TASK INPUTS:

⁂

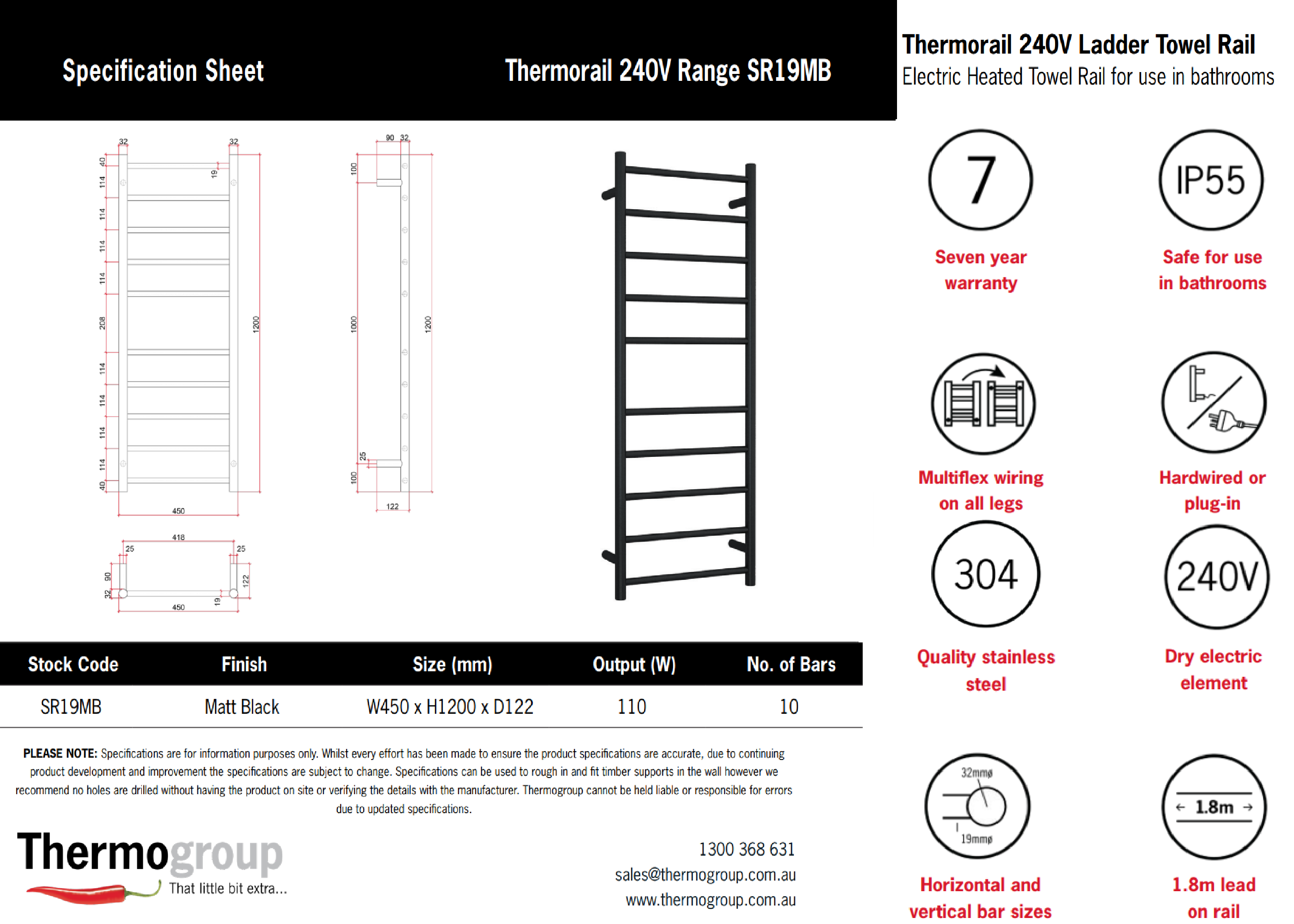 Heated Towel Rails are an affordable luxury for every bathroom for warming and drying your towels. The SR19MB Heated Towel Rail is a 450x1200 10 bar matt black ladder rail which features multiflex wiring. This rail is ideal for being installed in a narrow gap whilst still comfortably accommodating 3 towels. The black finish is of the highest quality to ensure it matches in with your black tapware.
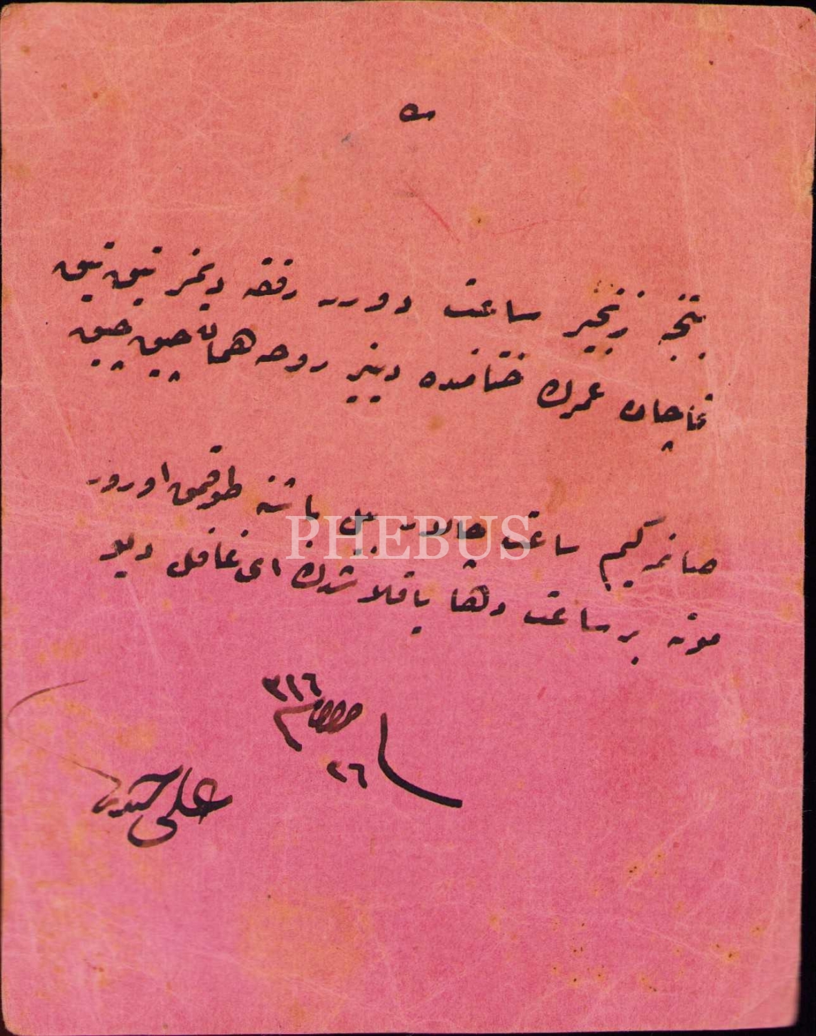 Ali Haydar Efendi imzalı ve 1316 tarihli Osmanlıca şiir, 11x14 cm
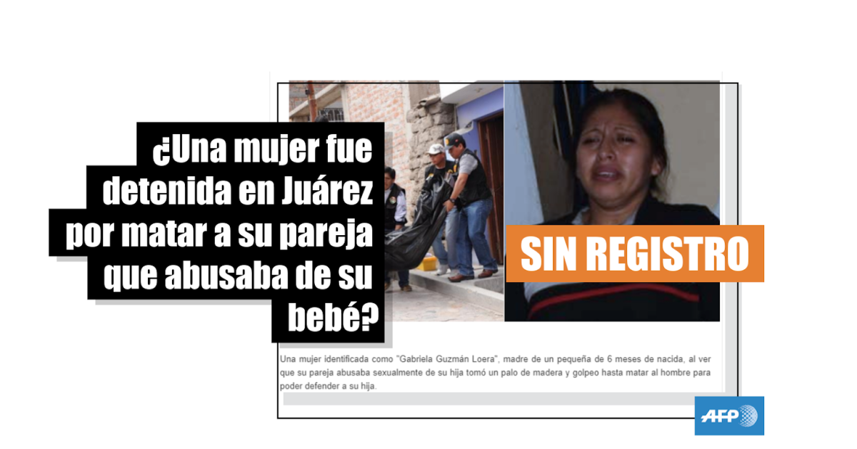 Por lo tanto, no hay registros del supuesto caso de la mujer que mató a su pareja por defender a su bebé de seis meses en Ciudad Juárez. Las autoridades del estado de Chihuahua no tienen conocimiento del mismo y una de las fotos usadas para ilustrar la publicación viral corresponde a Perú.
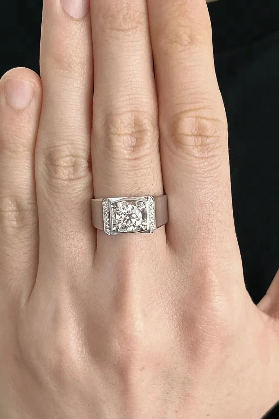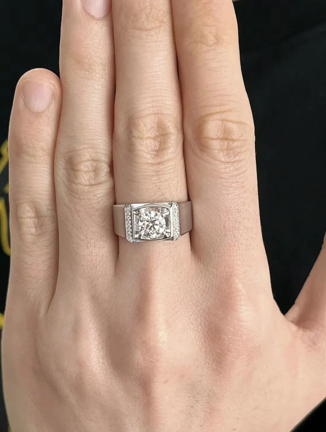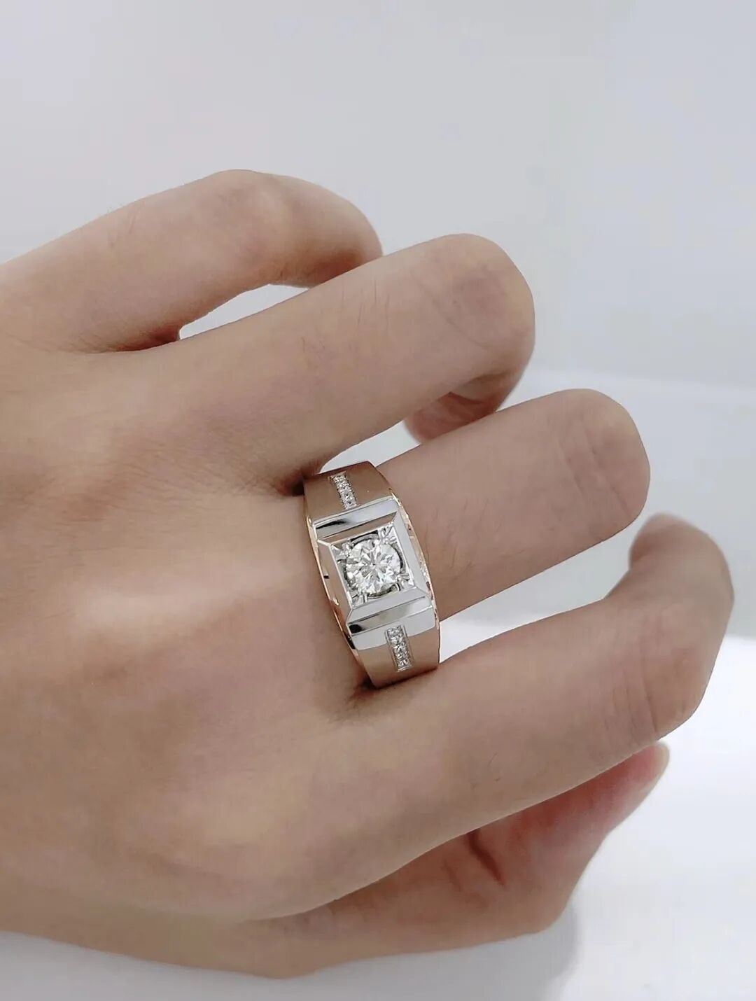 男士佩戴的戒指比较厚重,戒面和戒圈直径相对较大。
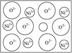 (附加題2)(2分)天然的和絕大部分人工制備的晶體都存在各種缺陷,例如在某種NiO晶體中就存在如圖所示的缺陷:一個(gè)Ni2+空缺,另有兩個(gè)Ni2+被兩個(gè)Ni3+所取代。其結(jié)果晶體仍呈電中性,但化合物中Ni和O的比值卻發(fā)生了變化。其氧化鎳樣品組成為Ni0.97O,試計(jì)算該晶體中Ni2+與Ni3+的離子數(shù)之比。![]()
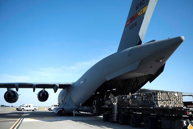 Un C-17 es cargado con munición con destino a Ucrania el pasado 25 de abril (Departamento de Defensa de Estados Unidos)

⁂

EXERCISE AIM: Please retype the lines from the one that contains "(附加題2)(2分)天然的和" to the final line of the records, both included, exactly as written and without any pictures.

RESULT BELOW:
 (附加題2)(2分)天然的和絕大部分人工制備的晶體都存在各種缺陷,例如在某種NiO晶體中就存在如圖所示的缺陷:一個(gè)Ni2+空缺,另有兩個(gè)Ni2+被兩個(gè)Ni3+所取代。其結(jié)果晶體仍呈電中性,但化合物中Ni和O的比值卻發(fā)生了變化。其氧化鎳樣品組成為Ni0.97O,試計(jì)算該晶體中Ni2+與Ni3+的離子數(shù)之比。![]()
 Un C-17 es cargado con munición con destino a Ucrania el pasado 25 de abril (Departamento de Defensa de Estados Unidos)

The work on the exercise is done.